路過的學生不由得多看了他們兩眼,還有人掏出手機拍照。何安在只覺得尷尬得要命,把臉埋在方既白肩上,殊不知這樣正合方既白的心意。

到宿舍樓下的時候,何安在讓方既白把自己放下來,方既白故意在何安在耳邊吹氣:“我不。”

宿舍阿姨還好心地問:“這孩子是怎麽的啦?這個臉好紅的嘞,是嘛中暑嘍?”

“啊對對,他中暑了,我背他回來休息。
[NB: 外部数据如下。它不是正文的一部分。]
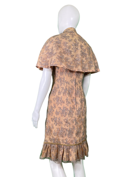 Feminine Pink and Mauve Lace Dress with Caplet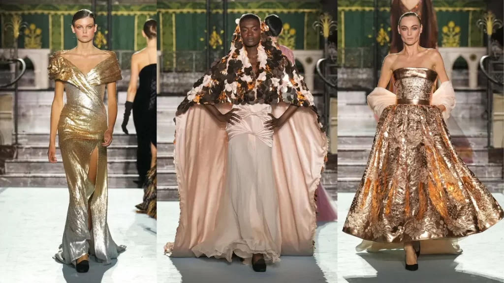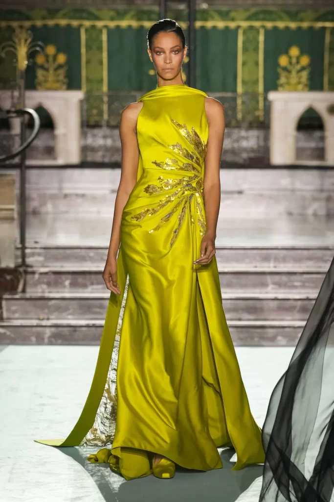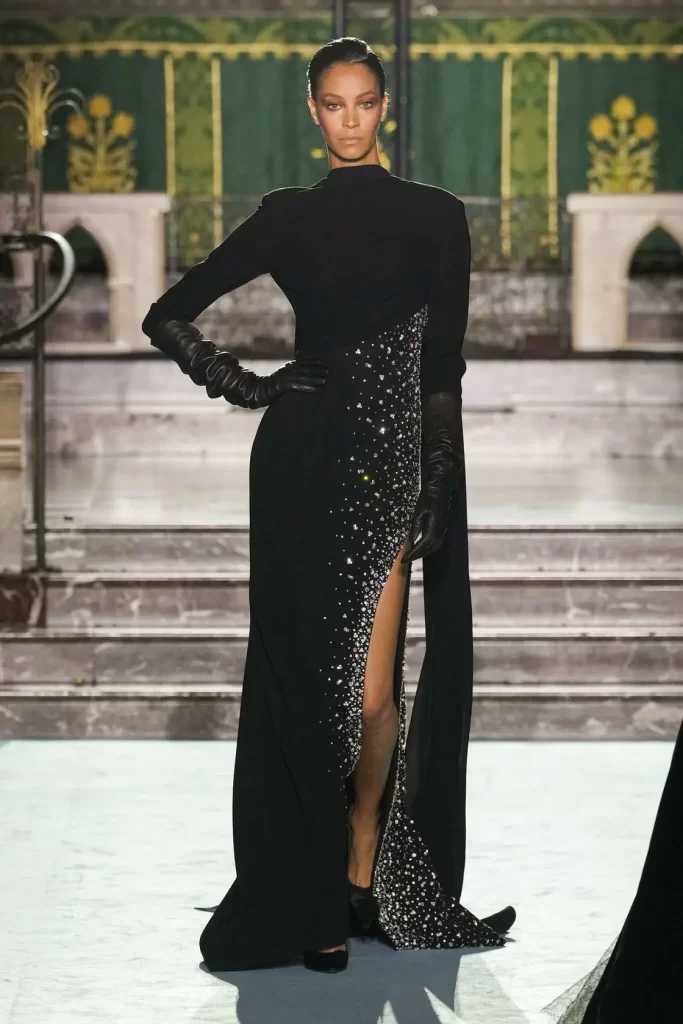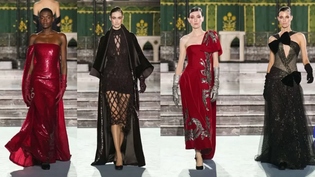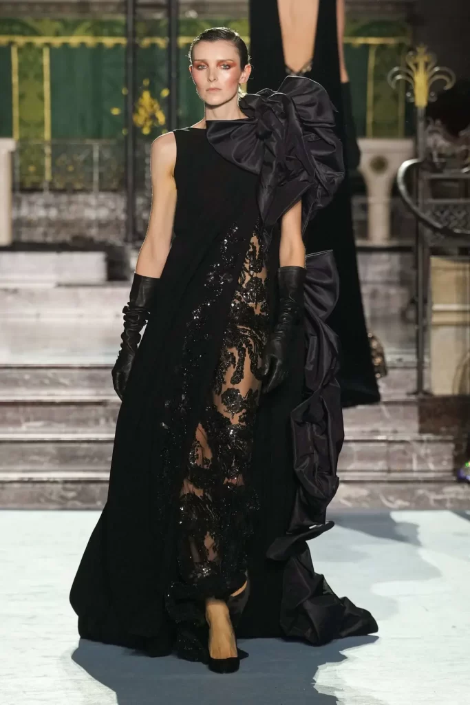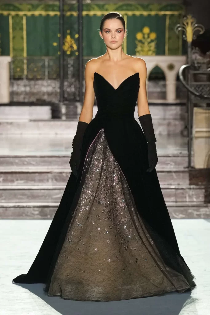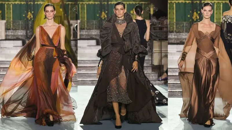 نفخ المصمم جورج شقرا في تصاميمه روحاً دراميّة وأناقة راقية لتجسيد جوهر أوبرا فيرونا التاريخيّة. وهو استحدث في مجموعة التصاميم الراقية الخاصة بالخريف والشتاء المقبلين تجربة غامرة تدعو الجمهور إلى رحلة تروي قصة أنماط حوّلت العرض إلى مسرح كبير تختال عليه تصاميم مصنوعة من الحرير الفاخر، والدانتيل الرقيق، والمخمل الفخم، والشيفون المُنساب هذا بالإضافة إلى خامات فاخرة مُبتكرة يتشابك فيها الجلد الصناعي والتول مع حلقات ذهبيّة، شراريب من الرافيا، مخمل معدني، وتول لامع بالتدرجات الذهبيّة والفضيّة. تعرّفوا على بعض أبرز إطلالات مجموعة دار Georges Chakra للخريف والشتاء المقبلين فيما يلي.

”

“你曉得給他吃鹽水嘞,你有鹽麽得?俺屋裏頭有,拿兩包去要得?”

“有有有,不用麻煩阿姨了,謝謝阿姨。”

何安在全程裝死,一聲不吭,方既白只覺得他這樣更可愛了。

這個點寢室裏還沒多少人,何安在沖了個涼水澡,躺在床上假寐。方既白非要和何安在擠在一張床上,何安在背對著他以表示對這種幼稚行為的不滿。

方既白正在百度上認真地搜索幹嘔和出現幻覺是什麽原因,越看越心慌,恨不得現在就打個120把人送醫院去。何安在被方既白說煩了,一把把方既白的手機鎖屏扔到一邊。
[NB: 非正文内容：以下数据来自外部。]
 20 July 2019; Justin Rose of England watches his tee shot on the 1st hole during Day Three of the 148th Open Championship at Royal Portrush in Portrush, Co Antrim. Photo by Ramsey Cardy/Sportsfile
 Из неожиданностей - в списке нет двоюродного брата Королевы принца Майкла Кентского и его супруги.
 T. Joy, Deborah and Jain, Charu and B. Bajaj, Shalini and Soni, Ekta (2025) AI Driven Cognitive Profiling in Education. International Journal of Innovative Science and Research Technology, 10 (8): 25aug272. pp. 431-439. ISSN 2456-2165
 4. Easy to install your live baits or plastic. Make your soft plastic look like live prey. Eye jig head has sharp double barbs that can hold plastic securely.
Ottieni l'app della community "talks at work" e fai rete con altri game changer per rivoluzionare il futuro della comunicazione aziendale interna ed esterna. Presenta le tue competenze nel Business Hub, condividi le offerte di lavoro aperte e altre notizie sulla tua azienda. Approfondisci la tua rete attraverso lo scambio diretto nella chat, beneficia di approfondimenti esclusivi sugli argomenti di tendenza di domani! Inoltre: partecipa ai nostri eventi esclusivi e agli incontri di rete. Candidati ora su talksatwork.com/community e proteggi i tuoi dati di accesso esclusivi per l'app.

“你家看病上百度啊?百度都是癌癥起步,你搜它還不如去廟裏上香。”何安在瞪了方既白一眼,“睡覺!”

“哦……那你想要哪個睡覺?”

何安在臉憋得通紅,氣呼呼地翻過身去了,只給方既白留個後背。

衣冠禽獸!何安在心裏默默罵著。

方既白輕輕摟住他的腰,在他耳邊輕聲道:“好了,不逗你玩了,好好休息吧。”

何安在身體僵了一下,忍住了想把方既白推開的沖動。冷靜了一會兒,何安在才慢慢放松下來,聽著身邊人平穩的呼吸聲,他緩緩閉上了眼睛。

方既白身上好暖和,他想。

雖然沒有睡著,但就這麽躺著也讓何安在覺得舒服不少。方既白睡得沈,何安在翻了個身也沒吵醒他。

光是看著這張臉,何安在就覺得臉上發燙、心跳加速。

方既白的嘴唇好紅,好想碰碰。

方既白一醒來就看到自己的男朋友正含情脈脈地看著自己。

“你醒了……唔……”這突如其來的吻讓何安在措手不及。

直到何安在都快喘不過來氣了,方既白才依依不舍地放過他。

何安在臉紅得發燙。

方既白也不知道自己這是怎麽了,只是看著他,就忍不住想親吻他,撫摸他,占有他。

太奇怪了。

“我去一下衛生間。”何安在小聲地說。

門外,趙其鏜替兩人關好了門,悄然離開了。

方既白背著何安在的照片很快就在校園貼吧傳開了,有不少CP粉已經開始蓋樓,當然也不乏惡意的聲音。

方既白不怎麽看貼吧,對這些事情一無所知,何安在看完那些評論後也只是沈默,沒有向任何人提起。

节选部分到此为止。